» EXERCISE GOAL
Starting with the first line below, extract each line through the one that contains "A VINTAGE AUSTRALIAN", inclusive, excluding pictures.

» INFORMATION PROVIDED

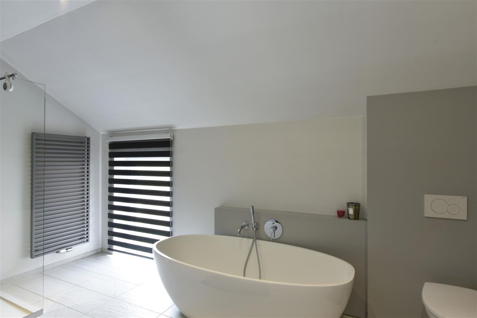 - Badkamer uitgerust met inloopdouche, ligbad, dubbele lavabo met wandmeubel en toilet.
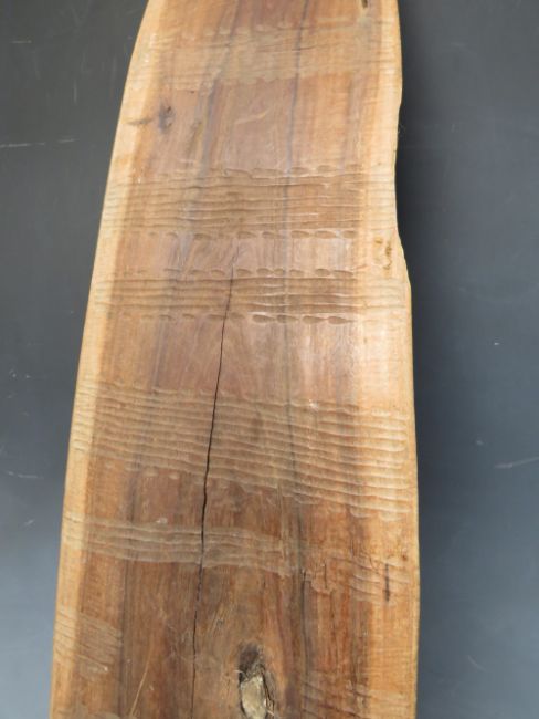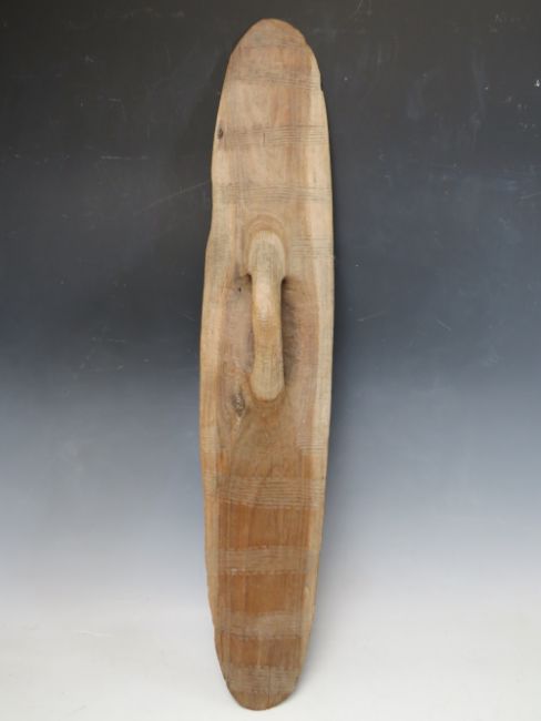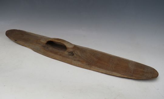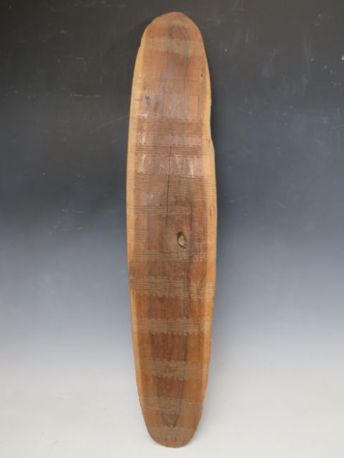 A VINTAGE AUSTRALIAN ABORIGINAL PARRYING SHIELD, W 15 cm, L 75 cm
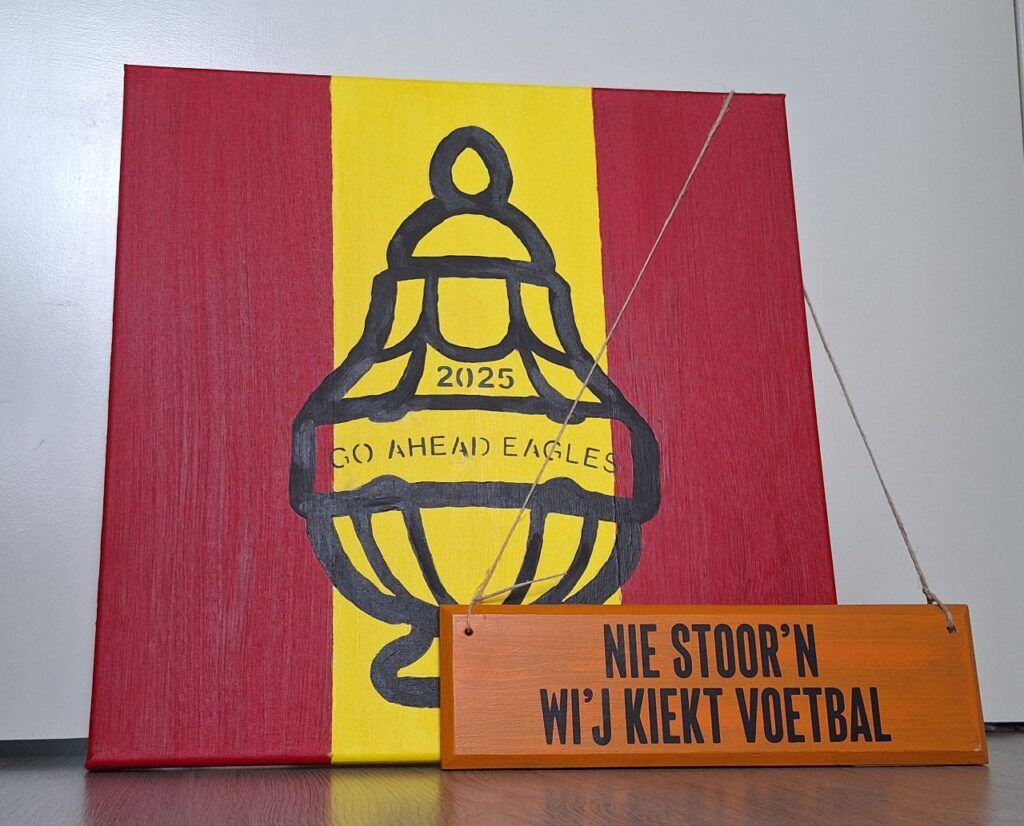 “Wij gaan altijd met een vaste groep van acht jongens naar de Eagles. We kennen elkaar al sinds we vijf of zes jaar oud zijn. We kwamen bij elkaar in het voetbalteam van VV Diepenveen,” vertelt Gijs. De meesten speelden vroeger voetbal of spelen nu nog steeds. Gijs speelt in het eerste van Diepenveen. Zijn trainer? Patrick Kieftenbelt. Hij vertrekt vandaag samen met Erik van Luttikhuizen met het vliegtuig om morgenavond radioverslag te doen van de wedstrijd.
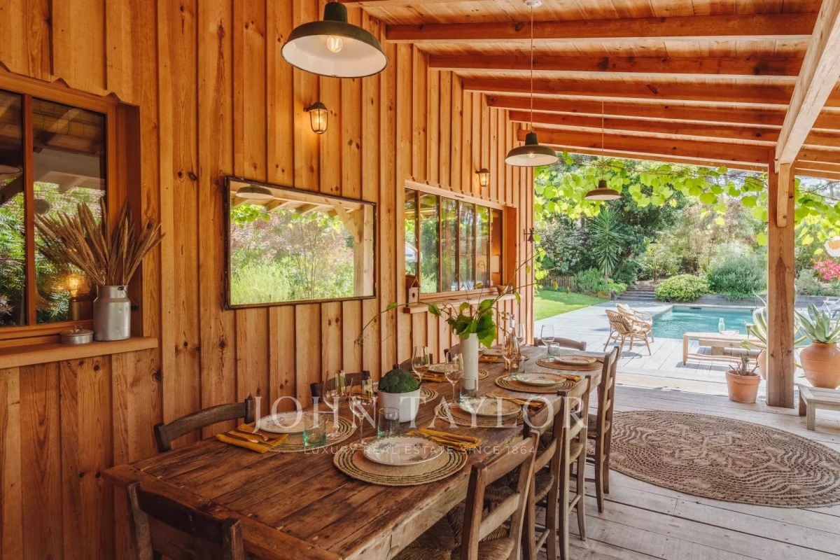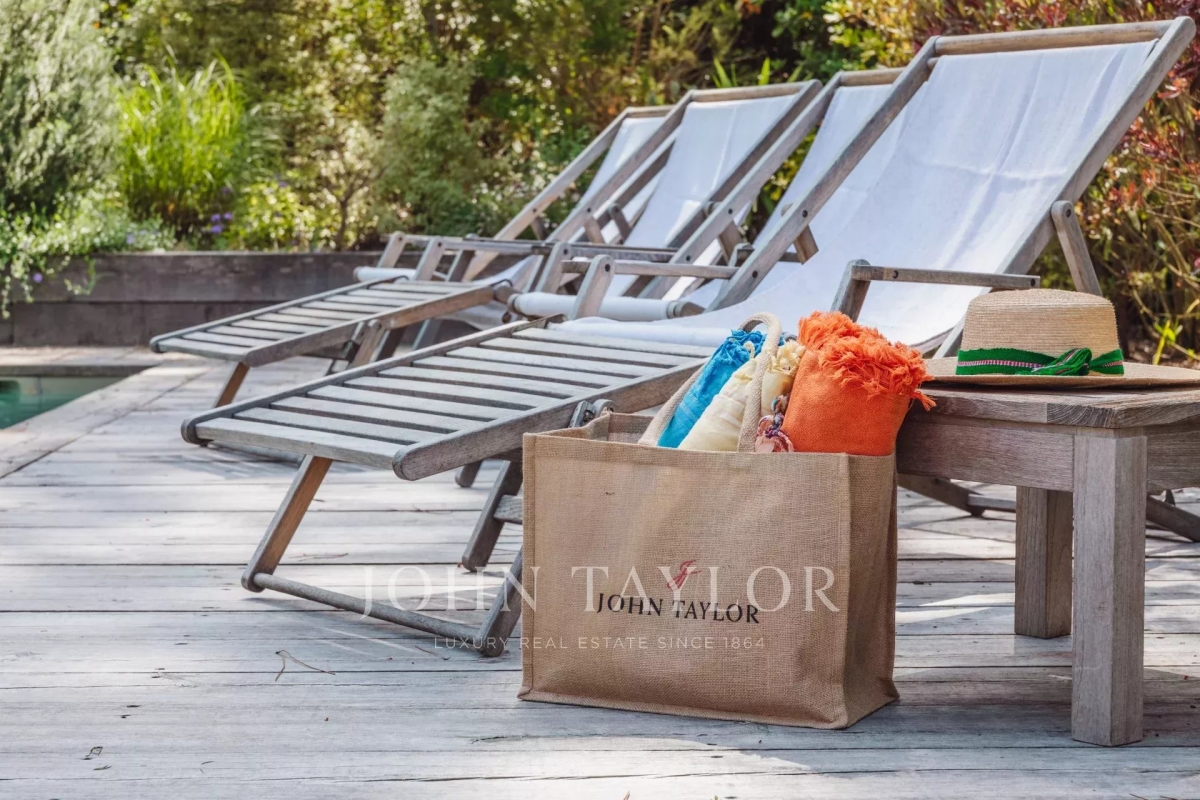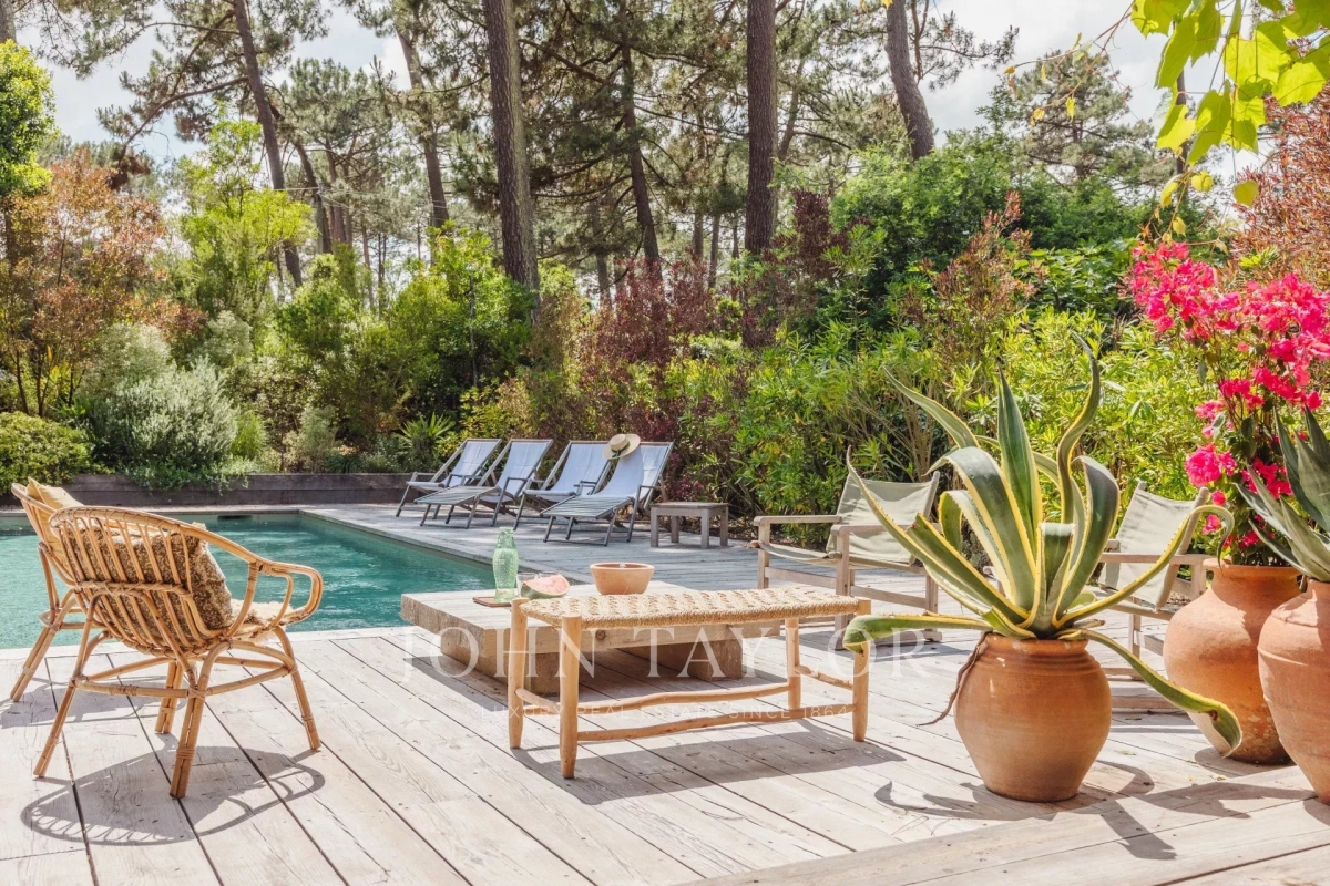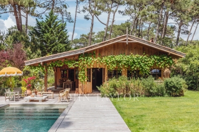 Immerse yourself in the soothing ambiance of Villa Uma, ideally located in the village of Piraillan, just steps away from the market, local shops, and oyster villas. With its authentic architecture, emblematic of Cap-Ferret, nestled in the heart of a lush garden, this single-story villa will transport you to a timeless retreat, ensuring serene holidays. Enjoy 5 bedrooms and 3 bathrooms, elegantly and simply furnished. The spacious layout of this villa provides ample space for the whole family, while natural light floods every corner of the house, creating a warm and inviting atmosphere throughout the day. Central kitchen fully equipped or summer kitchen with barbecue and plancha? Experience a different culinary delight with every meal. The large heated pool will be the centerpiece of your holiday, along with the spacious covered terrace that will bring the whole family together for endless summer evenings. Good news, your furry companions are welcome! For a dream vacation in an exclusive setting, Villa Uma is sure to delight.

» RESPONSE
 - Badkamer uitgerust met inloopdouche, ligbad, dubbele lavabo met wandmeubel en toilet.
 A VINTAGE AUSTRALIAN ABORIGINAL PARRYING SHIELD, W 15 cm, L 75 cm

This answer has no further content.